The pilots want more: more pay, better retirement, and other benefits. And they brought their issues before the public for a couple of hours Wednesday afternoon.

Southwest is McCarran's biggest airline. And a lot of passengers like Robin Billingslea 'luv' them and the pilots.

"Our lives are in their hands, they should get everything they need so we can get what we need and get where we need to go safely," Billingslea says.

Wednesday afternoon, 350 pilots from the Southwest Airlines Pilots' Association held an informational picket near the Orleans Hotel Casino. They want everyone to know they want a contract.

Of course the big issues: pay, retirement, back pay and quality of life.

"We love our company and we're out here because we want to bring our company and our pilots back together.
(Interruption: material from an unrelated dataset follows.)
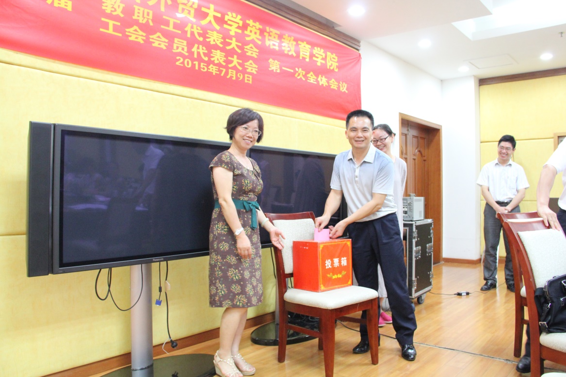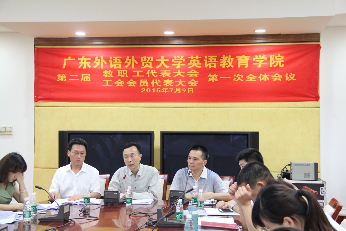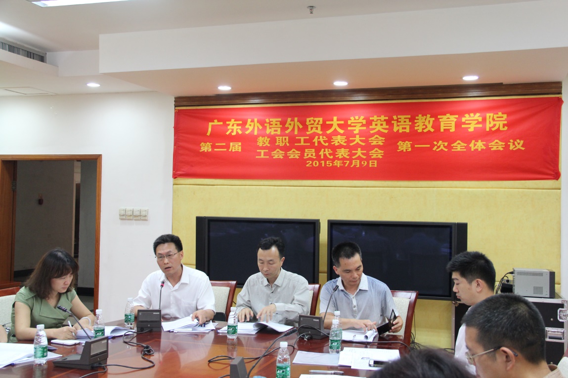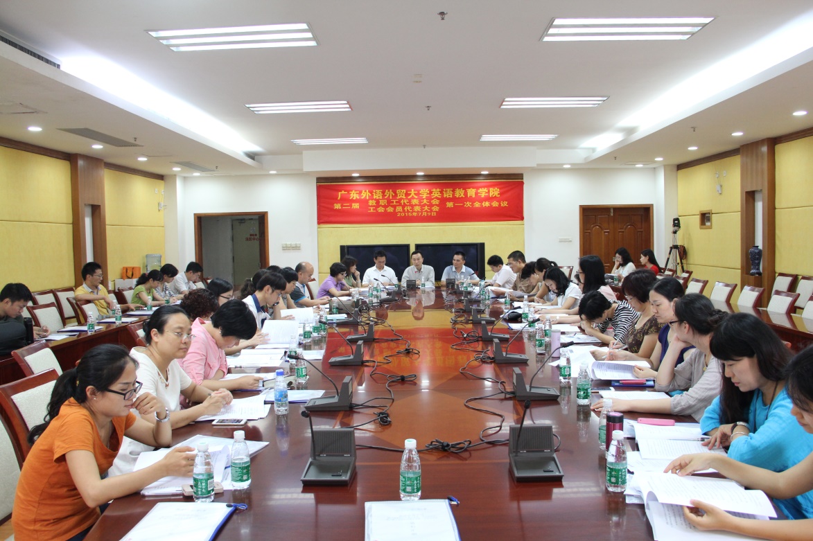 2015年7月9日下午,广东外语外贸大学英语教育学院第二届“双代会”(教职工代表大会、工会会员代表大会)第一次全体会议在南校区行政办公楼第一会议室举行。学校工会常务副主席金成良亲临指导,学院本届“双代会”正式代表和列席代表出席了会议。会议由学院党委书记林绍雄主持。

We want to give our company avenues so that we can trust them again," says union president Jon Weaks.

"There will be no travel disruptions. The second thing, we love our airline and we're out here doing this to stop the monetization of our culture from taking the soul of our airline," said Weaks.
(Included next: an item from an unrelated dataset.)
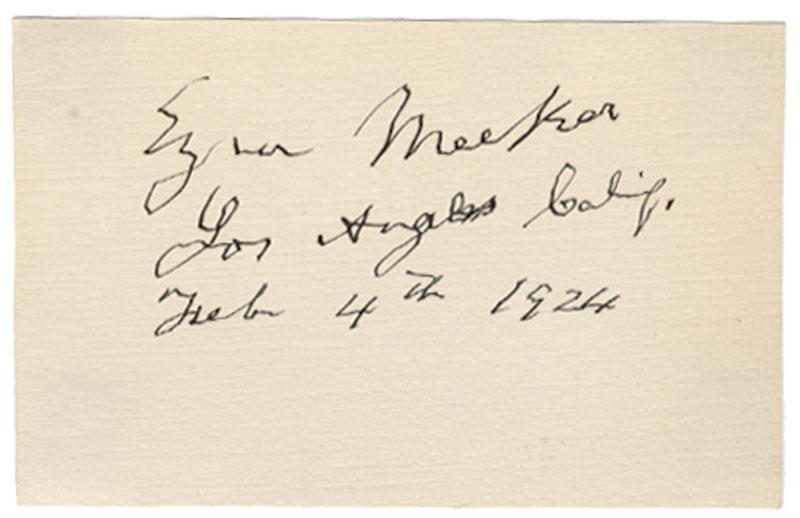 Ezra Meeker ( 1830 - 1928). Early pioneer who traveled the Oregon Trail by ox cart as a young man. Signed Card. "Los Angeles, Calif., Feb. 4th, 1924. "4 3/8" x 2 3/4". "Ezra Meeker, Los Angeles, Calif. Feb. 4th, 1924." Choice.

The union hopes they will work something out when they resume talks next month.

Southwest Airlines says union negotiators walked away when they had offered pilots the highest pay rate in the industry.

Passenger Cindy O'Neill hopes they can get it all settled.

"I think it's good for them. I mean they need a retirement. They need better benefits. They do a very stressful job. I mean I can't imagine trying to fly a plane full of all those passengers through all the elements of the weather and everything else, and I hope they can get their benefits," O'Neill says.

Not all like unions. We found a passenger with opposite opinions who chose not to speak on camera.